• _WHAT TO PRODUCE_: Output the whole listing below exactly, omitting the images.

• _PROVIDED DATA_:
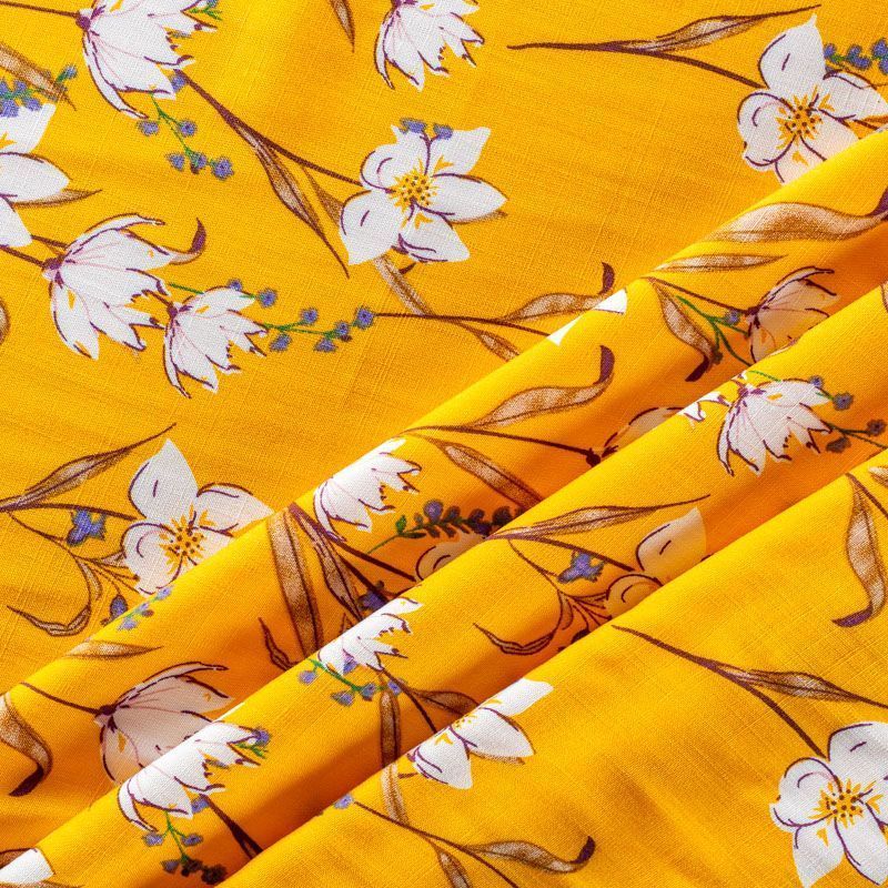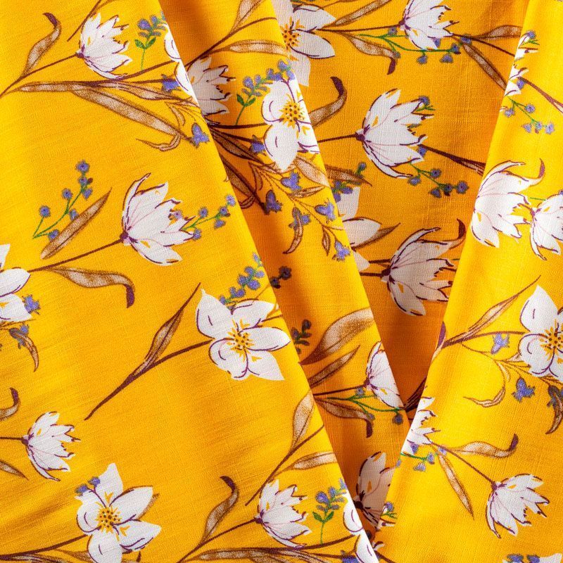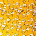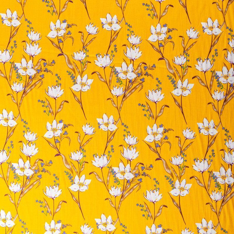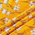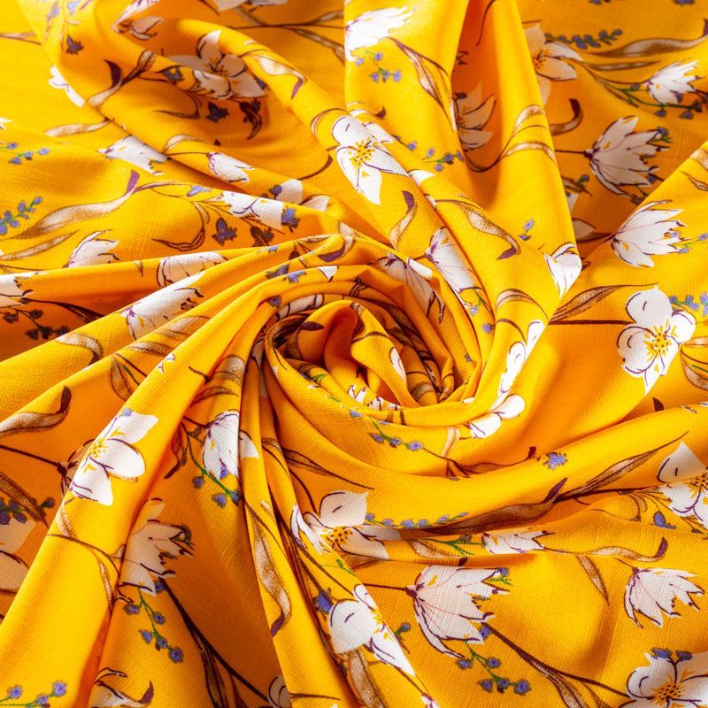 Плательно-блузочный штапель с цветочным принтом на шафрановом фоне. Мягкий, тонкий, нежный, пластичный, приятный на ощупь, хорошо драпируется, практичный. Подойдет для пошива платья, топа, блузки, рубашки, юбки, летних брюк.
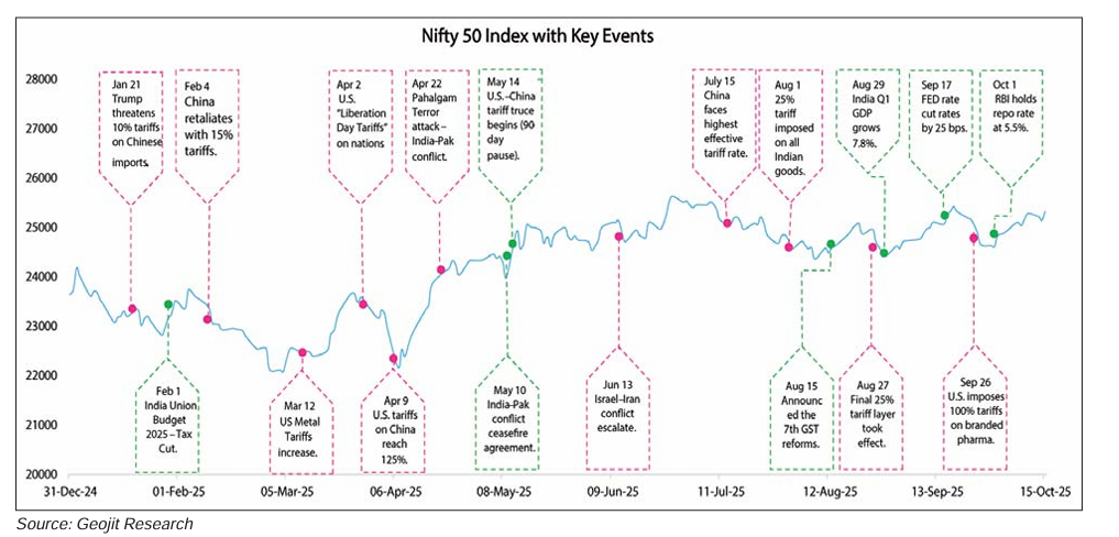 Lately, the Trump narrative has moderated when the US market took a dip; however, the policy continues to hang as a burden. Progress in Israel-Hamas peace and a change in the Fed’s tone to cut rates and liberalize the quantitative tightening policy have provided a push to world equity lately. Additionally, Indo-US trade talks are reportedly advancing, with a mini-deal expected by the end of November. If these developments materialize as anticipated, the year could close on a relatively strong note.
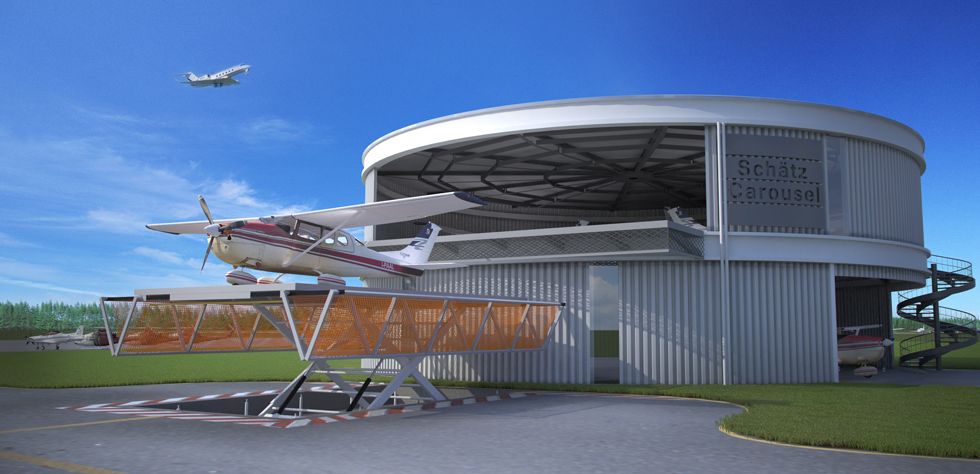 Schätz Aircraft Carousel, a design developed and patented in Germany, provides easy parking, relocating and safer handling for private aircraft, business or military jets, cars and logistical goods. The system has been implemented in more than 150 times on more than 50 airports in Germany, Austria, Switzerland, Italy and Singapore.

• _EXERCISE OUTPUT_:
 Плательно-блузочный штапель с цветочным принтом на шафрановом фоне. Мягкий, тонкий, нежный, пластичный, приятный на ощупь, хорошо драпируется, практичный. Подойдет для пошива платья, топа, блузки, рубашки, юбки, летних брюк.
 Lately, the Trump narrative has moderated when the US market took a dip; however, the policy continues to hang as a burden. Progress in Israel-Hamas peace and a change in the Fed’s tone to cut rates and liberalize the quantitative tightening policy have provided a push to world equity lately. Additionally, Indo-US trade talks are reportedly advancing, with a mini-deal expected by the end of November. If these developments materialize as anticipated, the year could close on a relatively strong note.
 Schätz Aircraft Carousel, a design developed and patented in Germany, provides easy parking, relocating and safer handling for private aircraft, business or military jets, cars and logistical goods. The system has been implemented in more than 150 times on more than 50 airports in Germany, Austria, Switzerland, Italy and Singapore.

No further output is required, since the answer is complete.